1,1-Diphenyl-2-Picrylhydrazyl Radical Scavenging Assay

1,1-diphenyl-2-picrylhydrazyl (DPPH) (Sigma-Aldrich, St. Louis, Mosby, MO, United States), a common stable free radical for antioxidant assay (Li et al., 2008), was used to examine the radical scavenging activity of the studied flavones. DPPH solution (100 μM) was prepared in 95% ethanol. After adding test compounds (10–80 μM), the mixture was vortexed for 15 s and allowed to stand for 30 min at room temperature. Subsequently, the mixture was measured spectrophotometrically at 517 nm (Multiskan GO Microplate Spectrophotometer; Thermo Fisher Scientific, Waltham, MA, United States). The free radical scavenging activity was calculated as the percentage of DPPH discoloration using the formula 1 − (absorbance of sample/absorbance of control) × 100%, with EC50 calculated using the interpolation method.

Docking Computation

7,8-dihydroxyflavone is a known potent and selective small-molecule agonist of TRKB (Jang et al., 2010). Using GOLD docking program (Nissink et al., 2002; Verdonk et al., 2003), protein structure of TRKB-d5 domain (pdb code: 1HCF) (Banfield et al., 2001) was utilized to perform docking computation for 7,8-DHF, wogonin, quercetin, and apigenin. In addition to be used to determine the specificity of neurotrophin receptors experimentally (Urfer et al., 1995), the d5 domain was predicted to be the binding site by docking computation (Chitranshi et al., 2015). In docking computations, 10,000, 20,000, 40,000, and 80,000 operations were performed to ensure convergence of the calculated results.

Cells and Culture

Human neuroblastoma SH-SY5Y-derived ΔK280 TauRD-DsRed cells (Chang et al., 2017) were maintained in Dulbecco’s Modified Eagle Medium (DMEM)/F12 supplemented with 10% fetal bovine serum (FBS) (Thermo Fisher Scientific, Waltham, MA, United States), with 5 μg/ml blasticidin and 100 μg/ml hygromycin (InvivoGen, San Diego, CA, United States) added to the growth medium. Retinoic acid (10 μM; Sigma-Aldrich, St. Louis, Mosby, MO, United States) and doxycycline (2 μg/ml; Sigma-Aldrich, St. Louis, Mosby, MO, United States) were used to induce neuronal differentiation and ΔK280 TauRD-DsRed expression, respectively.

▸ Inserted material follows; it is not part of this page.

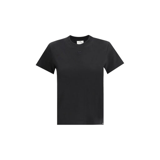 Original price $335.42Current price $296.47| /Cotton T-Shirt from Courrèges, ribbed crew neck, iconic brand logo embroidered on front, monochrome pattern, regular fit.
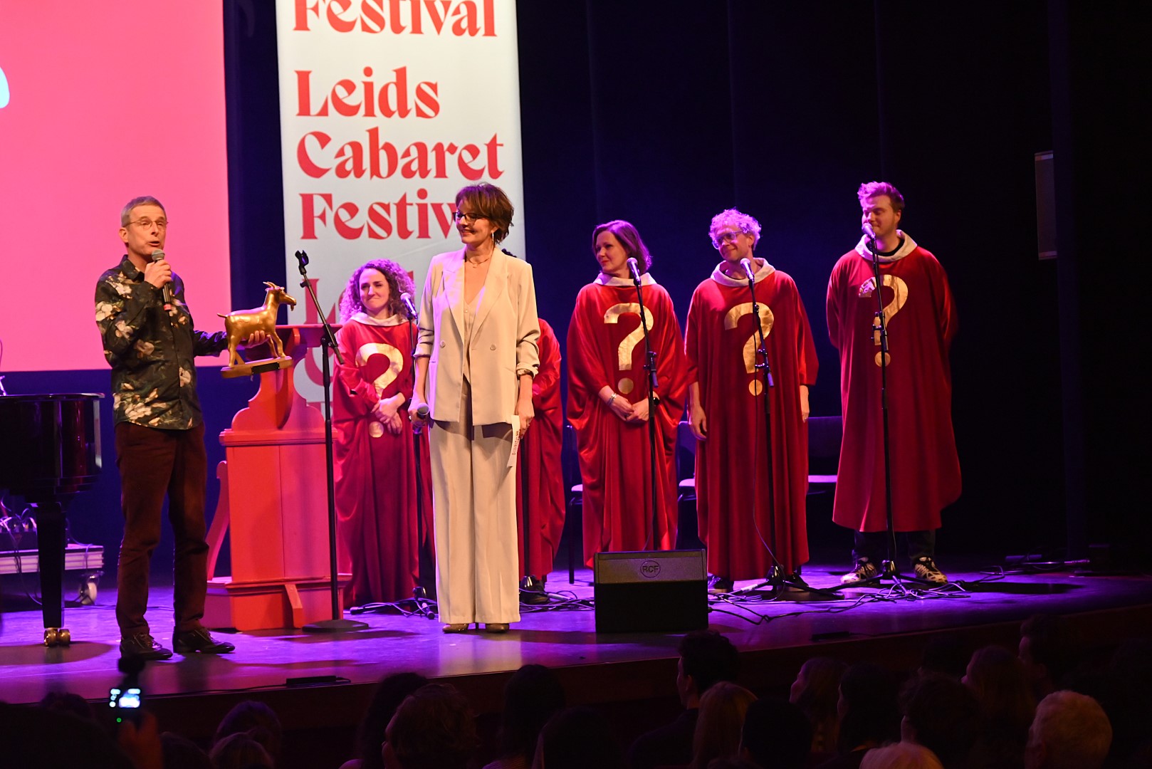 De presentatie was in handen van Sanne Wallis de Vries, die dertig jaar geleden zelf het Leids Cabaret Festival heeft gewonnen. Vóór het gastoptreden van Ode aan de Twijfelaar, kreeg zij van Lebbis (Hans Sibbel) de eerste Gouden Geit uitgereikt. Vanaf volgend jaar is de Gouden Geit de Juryprijs en wordt het Leids Cabaret Festival logo uitgebreid met een embleem van een geitje.

High Content Analyses of ΔK280 TauRD-DsRed Fluorescence and Oxidative Stress

On day 1, ΔK280 TauRD-DsRed SH-SY5Y cells were seeded into a 96-well plate (2.5 × 104/well), with retinoic acid (10 μM) added to induce neuronal differentiation (Påhlman et al., 1984). On day 2, cells were pretreated with Congo red, 7,8-DHF, wogonin, quercetin, or apigenin (2.5–10 μM) for 8 h, followed by inducing ΔK280 TauRD-DsRed expression with doxycycline. On day 8, cells were stained with Hoechst 33342 (0.1 μg/ml; Sigma-Aldrich, St. Louis, Mosby, MO, United States) for 30 min and cell images were automatically recorded at excitation/emission wavelengths of 543/593 nm (ImageXpress Micro Confocal High-Content Imaging System; Molecular Devices, Sunnyvale, CA, United States) and analyzed (MetaXpress High-Content Image Acquisition and Analysis Software; Molecular Devices, Sunnyvale, CA, United States).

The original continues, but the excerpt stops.